J’ai pensé à cet instant que tous ceux – Sarmiento ou don Juan, et, dans l’autre camp, mon père autrefois, à présent mon propre frère Guillaume ou Séguret, et sans doute aussi ce Henri de Navarre – qui invoquaient le Christ tout en s’en prétendant les hérauts, en fait, le trahissaient.

C’était ce que m’avait dit, sur le quai de Messine, Michele Spriano. Les religions, celles des infidèles, des hérétiques, comme notre sainte foi catholique, étaient tombées entre les mains des habiles, masques derrière lesquels se cachaient les rictus de leurs bouches avides.

Plus près de Dieu m’avaient paru ceux qui ne Le nommaient que dans la prière et non en politique.

Dieu Lui-même le savait.

J’ai revu cette tête de christ aux yeux clos que j’avais enfouie au pied d’un chêne, dans la forêt qui entoure le Castellaras de la Tour.

Ce christ pleurait.

Il connaissait les mensonges des hommes et c’est pour ne pas se détourner d’eux à jamais qu’il préférait fermer les yeux.


J’ai ainsi maudit et méprisé ceux qui se servaient de Dieu pour cacher leurs parjures, leurs sordides besognes, même s’il me fut échu d’être leur compagnon d’armes et leur messager.

Je reconnais, Seigneur, ma faiblesse. Je ne suis pas meilleur qu’eux.

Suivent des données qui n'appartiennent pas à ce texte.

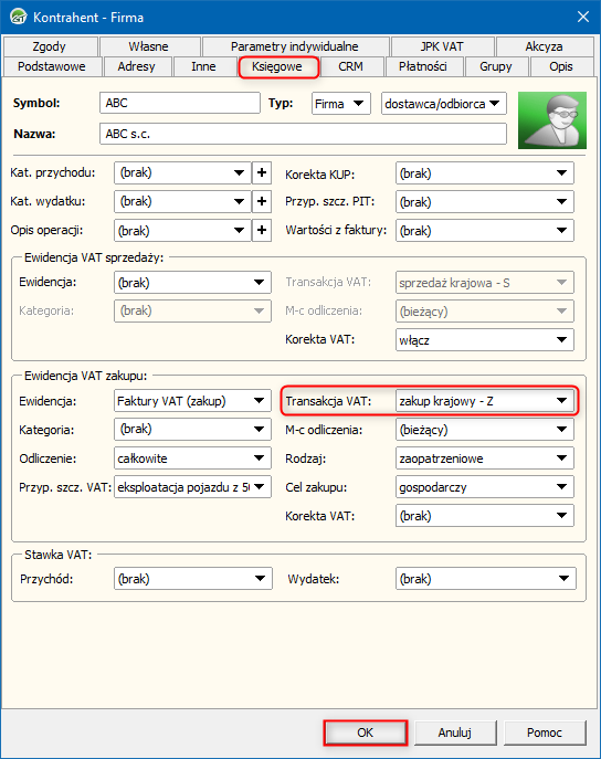 2. Przejść na zakładkę Księgowe i wybrać domyślną Transakcję VAT w sekcji Ewidencja VAT zakupu. Zmiany zapisać przyciskiem OK.
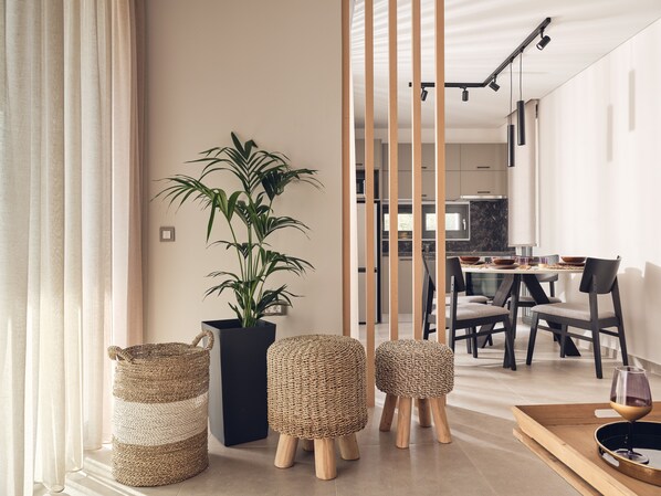 The interior is very elegantly decorated with high quality furniture, impeccably designed to offer a truly indulging holiday experience. The airy ground floor features a sizeable living room, a small bathroom, a fully equipped kitchen with a dining area and large sliding balcony doors to the swimming pool area. The living room and the kitchen has direct access to the private pool where you can relax surrounded by nature and soak up the warm Greek sun. There is a sofabed, which can also accommodate one person.
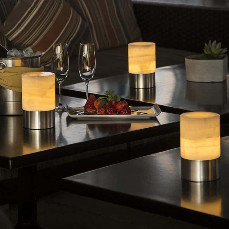 Especialmente creada para restaurantes, hoteles, bares, casinos, discotecas, bodas, recepción, eventos, pub, cóctel, cruceros, servicio de catering, spa, hammam, buffet, sala de concierto, etc. nuestras pequeñas lámparas de mesa inalámbricas recargables le permitirán atraer a más clientes y diferenciarse de sus competidores de día y noche. De hecho, la luz y el ambiente luminoso de sus salas son factores decisivos que harán que las personas entran en su establecimiento para sentirse bien y consumir sus productos. Muy fácil de usar por el personal o camareros, meseros, gerente, … Esas lámparas decorativas inalámbricas para los profesionales son ideales para decorar e iluminar sus mesas y barras, mesa de café, en interiores, en terraza o en espacios húmedos y ventosos.

Mais peut-être ai-je, avec le temps, tenté de le devenir.


Lorsque Diego de Sarmiento et don Juan d’Autriche m’ont proposé de partir pour Nérac afin d’y rencontrer Henri de Navarre et de lui faire connaître les propositions du roi d’Espagne, j’ai eu l’impression qu’un souffle d’air emplissait ma poitrine et que je me redressais comme une voile enfin tendue.

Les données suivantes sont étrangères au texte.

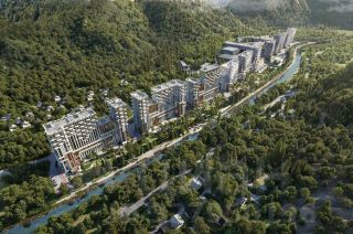 Жилой комплекс состоит из 7 домов переменной этажности от 11 до 20 этажей. В холлах и вестибюлях выполнена дизайнерская отделка, установлены скоростные лифты. На 1 этажах расположены зоны ожидания и колясочные. В проекте предложено множество планировочных решений: в наличии квартиры классического типа. Сдаются они с подчистовой отделкой, панорамными окнами и высотой потолков в 3м. Некоторые квартиры имеют вид на лесной массив и горы. На закрытой территории комплекса выполнен ландшафтный дизайн, установлены безопасные детские площадки для детей всех возрастов, места для отдыха, зоны барбекю с беседками, спортивные площадки, установлен открытый бассейн. На территории также оборудована своя набережная протяженностью в 1,2км. Для владельцев автомобилей предусмотрен отдельный многоуровневый паркинг. Жилой комплекс располагается в активно развивающемся Хостинском районе. В нескольких минутах ходьбы находятся поликлиники, школы, детские сады, кинотеатр, магазины и кафе. До центра Сочи можно добраться за 30 минут транспортом.
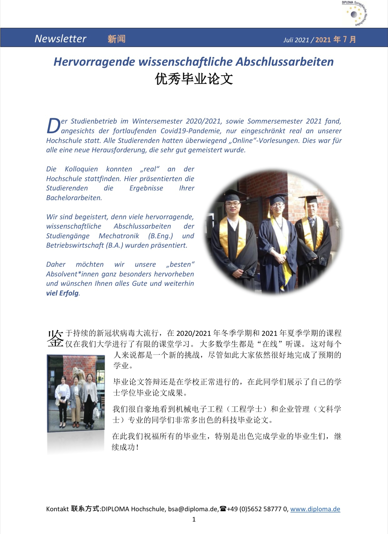 自新冠疫情爆发以来,德国北森应用技术大学从线下教学转为线上教学,为了保证毕业答辩的效果,让学生更好地展示毕业设计的成果,在保证师生安全的前提下,北黑森应用技术大学在学校内举行了线下毕业答辩。北黑森应用技术大学新闻报道中写道:“Wir sind begeistert, denn viele hervorragende, wissenschaftliche Abschlussarbeiten der Studiengänge Mechatronik (B.Eng.) und Betriebswirtschaft (B.A.) wurden präsentiert.”译:我们很自豪地看到机械电子工程(工程学士)和企业管理(文科学士)专业的同学们写出了非常多出色的毕业论文。
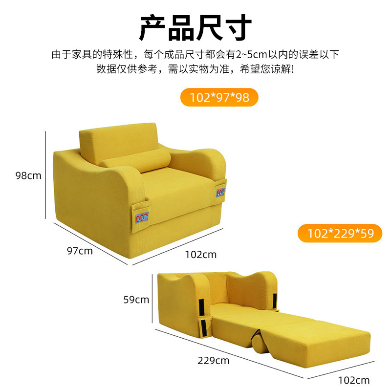 作为单人尺寸设计,它完美平衡 “舒适感” 与 “空间感”:日常坐卧时能贴合身体曲线,不显得局促;闲置时也不占用过多面积,客厅搭配主沙发可作补充座位,单独摆放又能成独立休闲角,灵活适配不同户型需求。核心亮点在于 “折叠两用” 功能 —— 平时是柔软的单人沙发,来客时轻轻展开就能变身临时沙发床,解决小户型 “待客无床” 的痛点,午休、临时休憩都能派上用场,一物两用超省心。内部填充高回弹海绵,坐感柔软不塌陷,追剧、看书时靠坐其中,腰背压力能有效缓解,尽显 “懒人” 舒适自由;表面选用亲肤布艺面料,触感细腻,且耐脏易清洁,不小心沾到污渍,湿抹布轻擦就能恢复洁净,适配日常高频使用。针对跨境运输需求,沙发采用压缩设计,压缩后体积大幅缩减,物流成本更低,搬运入户也轻松,女生独自也能拆箱操作,静置片刻即可恢复饱满形态,无需复杂安装。更贴心的是模块特性,若后续需要拓展,可灵活叠加同系列模块,从单人位升级为多人休闲区,兼顾当下使用与未来需求。无论是打造奶油风客厅的精致角落,还是解决租房、小户型的多功能需求,这款跨境单人沙发都能以颜值与实用性圈粉。
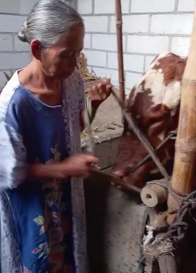 - "n elderly Asian woman tying a cow to a wooden post" by FM-TnUEx2, licensed under CC BY 4.0
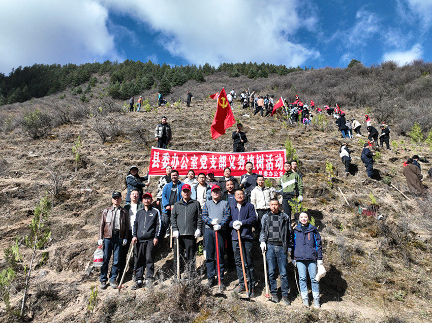 日前,石渠縣開展了“我為黨旗添光彩,全民義務(wù)植樹造林”活動,為生態(tài)石渠建設(shè)再添新綠。
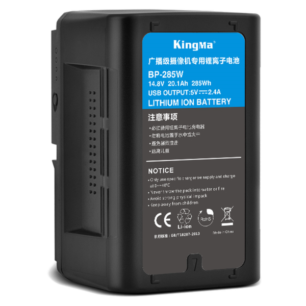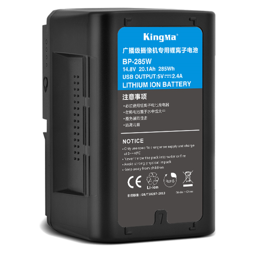 Аккумулятор V-Mount Kingma 285 Wh изготовлен на основе высококачественных элементов питания Samsung/LG. Литий-ионный аккумулятор оснащён креплением V-Mount для профессиональной техники. Батарея имеет контакты из чистой меди для более эффективной работы, и корпус из жаростойкого АБС пластика. На корпусе присутствует индикатор уровня заряда и кнопка включения.

Sarmiento s’est approché de moi et a posé les mains sur mes épaules, la tête tournée vers don Juan.

— Vous le connaissez, dit-il. Bernard de Thorenc a été de toutes les batailles, de toutes les saintes causes.

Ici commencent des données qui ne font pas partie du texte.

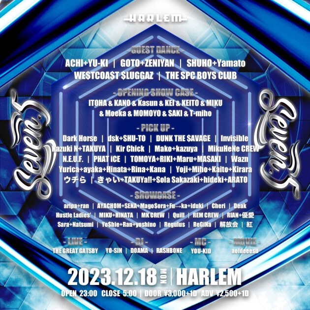 SHOWCASE (AtoZ): aripa+ran, AYACHOM+SENA+Mago$ora+Fu→ka+iduki, Cheri, Deak, Hustle Ladies’, MIKU, HINATA, MK CREW, Quill, REM CREW, RIAN+優愛, Sara+Natsumi, Yo$hie+Ran+yoshino, Regulus, ReGiNa, 解放会, 紅
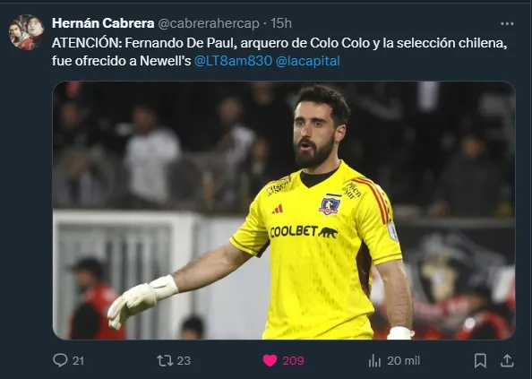Esta información fue entregada por el periodista argentino, Hernán Cabrera en su cuenta de ‘X’, en la que señala que el nombre del hoy portero de Colo Colo fue ofrecido al conjunto argentino para la temporada 2025.
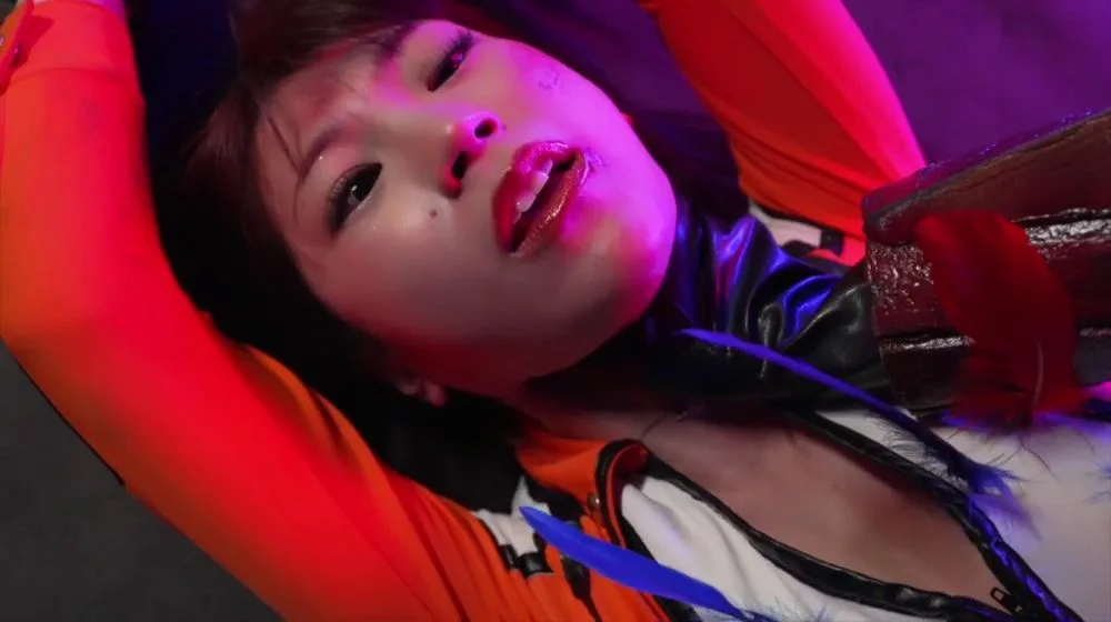 Watch an Asian girl in an orange and white jumpsuit interact with a robot and a person in dark armor in a series of intense scenes.

Don Juan hocha la tête. Il parla de Grenade, de Lépante. Il se souvenait de l’assaut que j’avais conduit contre la galère la Sultane, au cours duquel Ali Pacha avait péri.

— Il a été l’esclave des Barbaresques, ajouta Sarmiento. Lui et moi avons été enchaînés au même banc dans les chiourmes musulmanes.

Don Juan écarta les bras, souligna en riant qu’il n’avait d’un Maure que l’apparence.

J’ai marmonné que l’imitation était si parfaite qu’on aurait pu s’y laisser prendre.

Diego de Sarmiento et don Juan ont échangé un regard.

Le premier a semblé hésiter à me répondre, puis il a ri à son tour, imitant le second.

J’étais, a-t-il repris en pesant sur mes épaules, le gentilhomme catholique que les huguenots pouvaient écouter. Mon frère était l’un de leurs chefs. Et n’avais-je pas sauvé la vie de cette huguenote dont on disait qu’elle était l’une des préférées du roi de Navarre ?

— Tu la verras, a murmuré Sarmiento.

C’était bien ce qui m’incitait à partir.